Political fragility is inescapable for all gonzo leaders for two reasons. They need to make promises they cannot keep to maintain a coalition of different interests that have little in common. Since the grievances of billionaire tax exiles and the casualties of globalisation differ so markedly, some exterior threat is needed to divert attention from unfulfilled promises. This is done by confected conflicts with minorities, immigrants, the liberal elite, bureaucracies, foreign countries – in fact anybody that can be demonised.

This appetite for friction and confrontation is the second source of instability. In the gonzo world every division in the political terrain is mined for political advantage. Racial, regional, cultural and historic animosities run deep in the US and Trump found them easy to exacerbate. Johnson has fired up English nationalism in opposition to the EU and the other three nations of the UK.

Gonzo leaders all have something in common, but the similarities between Johnson and Berlusconi occur at every level. Both were undermined by a propensity to give scandalous parties (bunga bunga ones in the case of Berlusconi, less louche but illegal ones in the case of Johnson). Both were obsessed with building giant bridges. Berlusconi promised one across the Strait of Messina between Sicily and the mainland. Johnson wanted bridges between Northern Ireland and Scotland, England and France and, less ambitiously, across the Thames. None was ever built.

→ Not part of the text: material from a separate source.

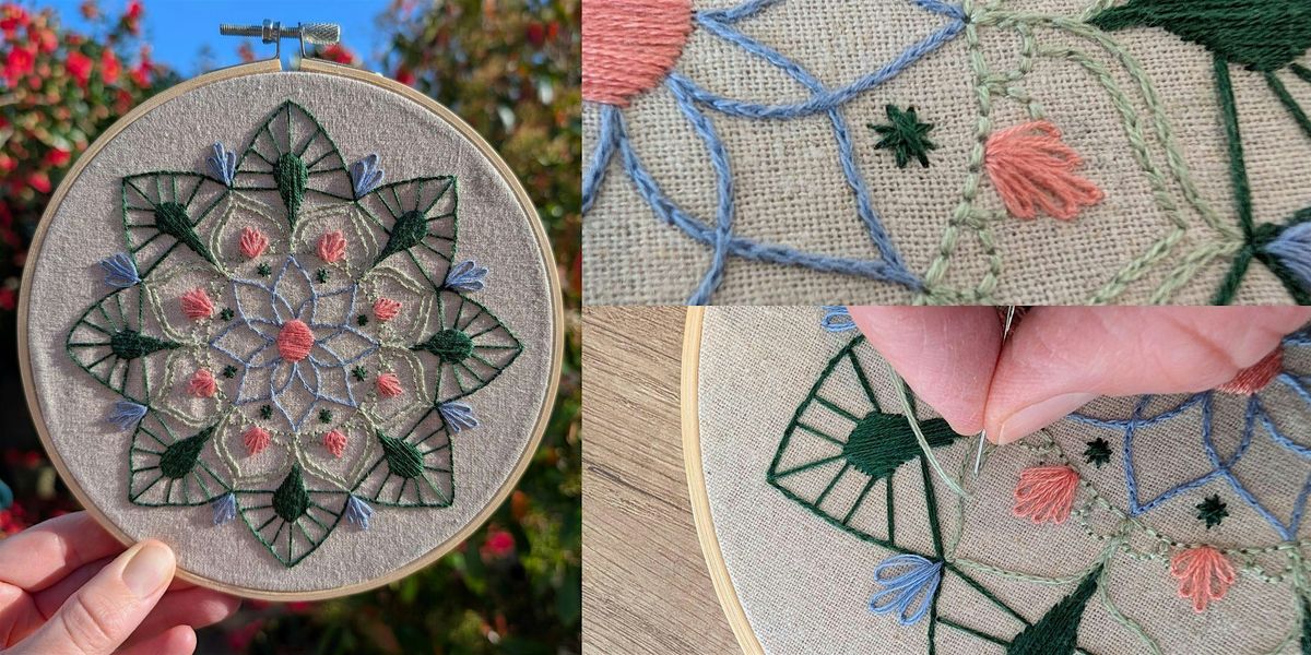During this workshop you'll learn five easy embroidery stitches to create this leaf mandala design. All materials will be supplied, and no previous experience is necessary as we'll talk you through each stage of the process from start to finish. Tea, coffee and cake will be available, and we'll be on hand throughout the session to help with any problems and answer any questions. A great way to relax and switch off from the stress of the week!

Johnson promised to level up the North of England and Berlusconi pledged the same for southern Italy. Nothing much happened in either case. Both promised a lot and failed to deliver anything, imposing a sort of practical paralysis on their country when it came to positive action. Johnson delivered Brexit but had no idea what to do with it other than exploit it as a source of friction with Britain’s neighbours.